#### EXERCISE DATA
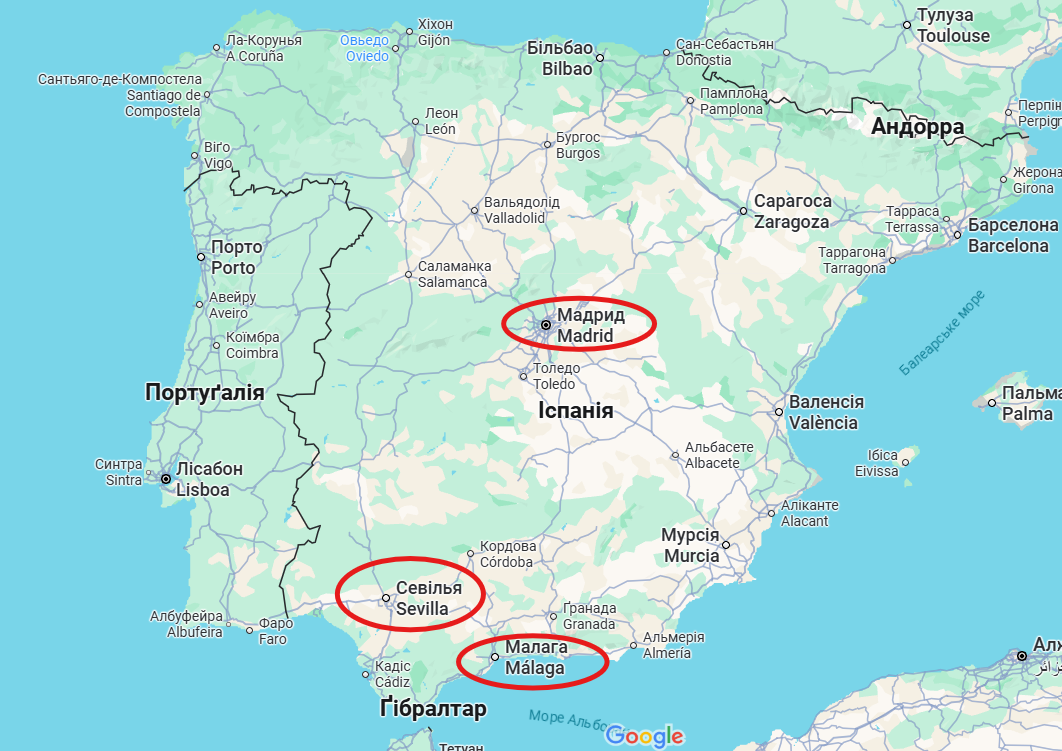 І ось я дістався Іспанської столиці, де на мене чекав ще один мій товариш і колега. Від Севільї до Мадрида поїздом їхати близько двох з половиною годин. І знаєте, що найцікавіше? Подивіться на карту, де знаходиться Малага, де Севілья і де Мадрид:
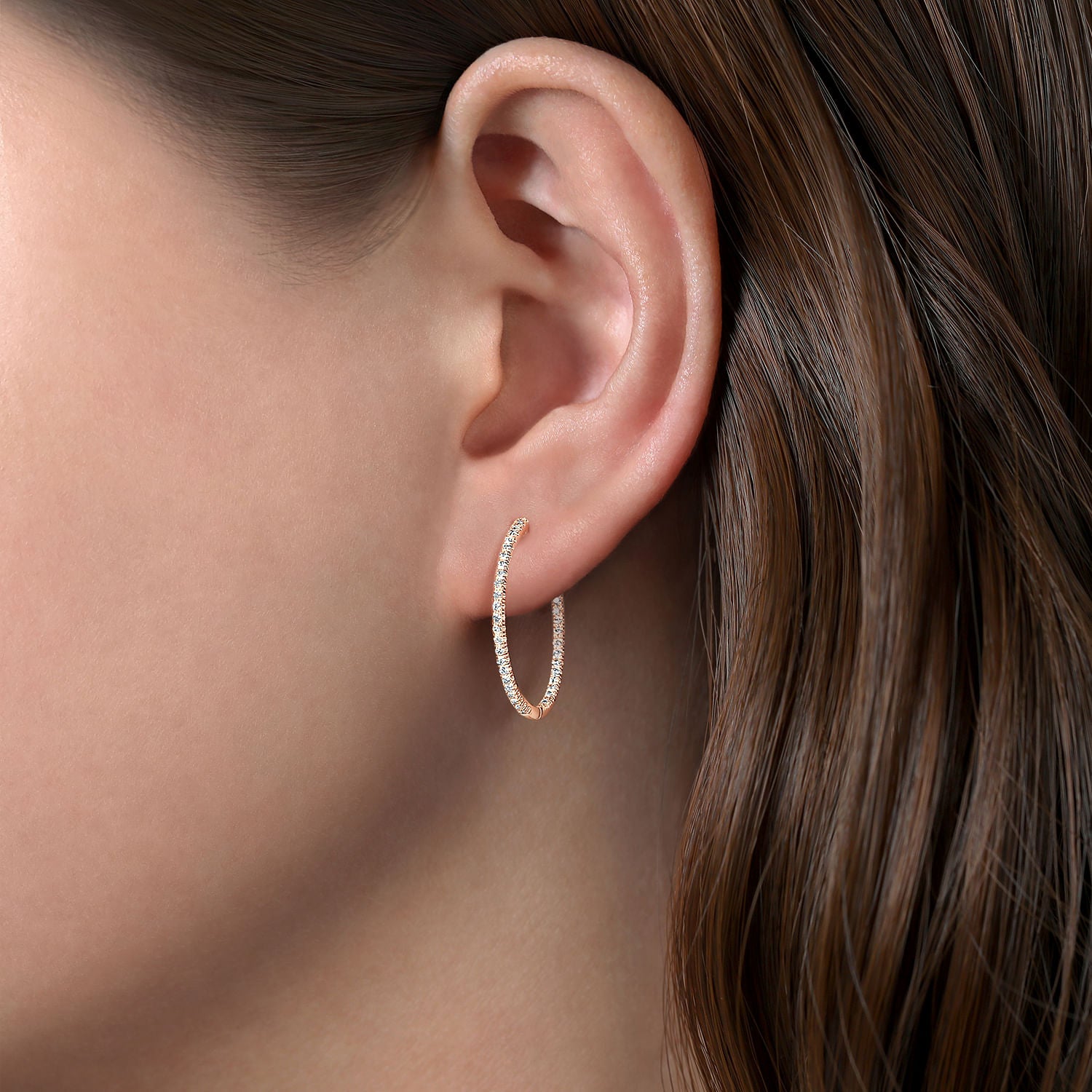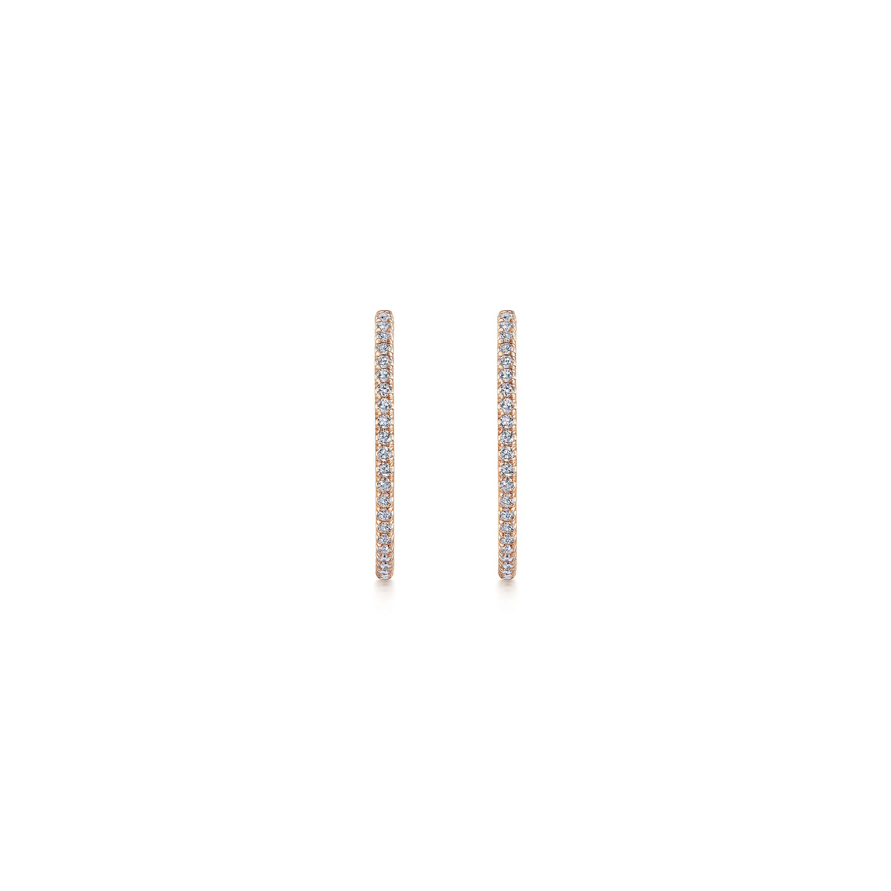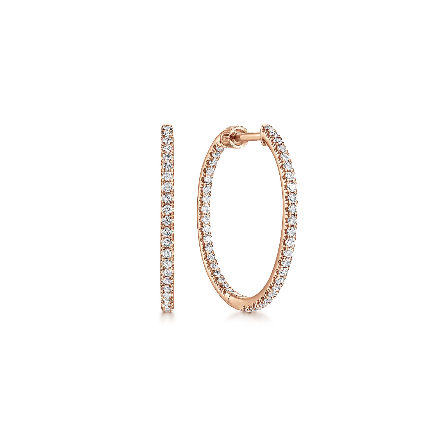 The style possibilities are limitless with these 14k rose gold diamond hoop earrings. Thanks to a clever inside-out design, 0.47ct diamonds line the inner and out front facing edges of each hoop. Emanate stylish sparkle with these classic rose gold earrings.
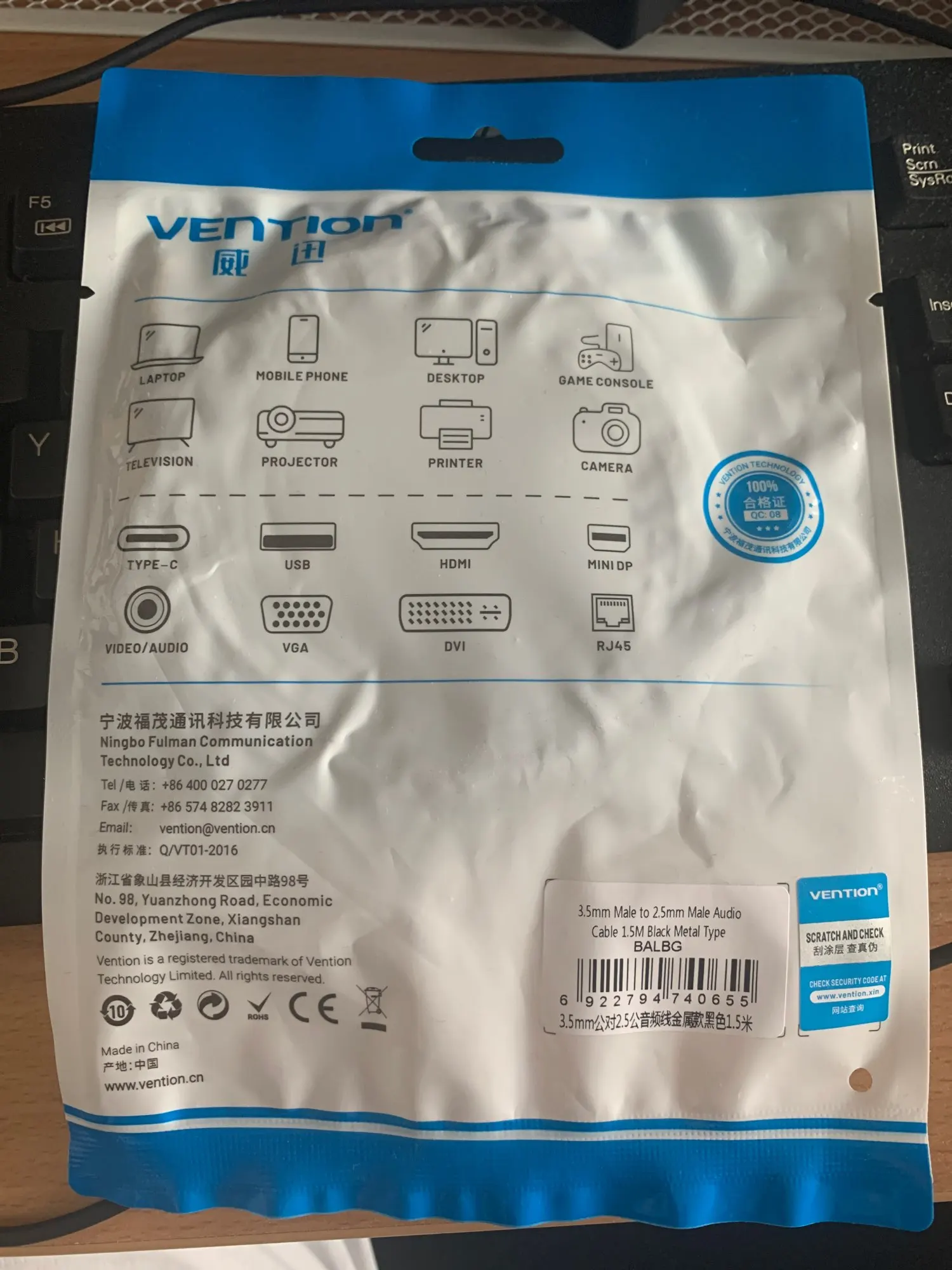 Vention 2.5mm to 3.5mm Aux Cable Jack 3.5 to 2.5 Male to Male Audio Cable for MP3 SmartPhone Speaker Moible Phone for Aux Cord

#### WORK ORDER
Every line of the material must be reproduced verbatim; the pictures are to be omitted.

#### RESPONSE BELOW
 І ось я дістався Іспанської столиці, де на мене чекав ще один мій товариш і колега. Від Севільї до Мадрида поїздом їхати близько двох з половиною годин. І знаєте, що найцікавіше? Подивіться на карту, де знаходиться Малага, де Севілья і де Мадрид:
 The style possibilities are limitless with these 14k rose gold diamond hoop earrings. Thanks to a clever inside-out design, 0.47ct diamonds line the inner and out front facing edges of each hoop. Emanate stylish sparkle with these classic rose gold earrings.
 Vention 2.5mm to 3.5mm Aux Cable Jack 3.5 to 2.5 Male to Male Audio Cable for MP3 SmartPhone Speaker Moible Phone for Aux Cord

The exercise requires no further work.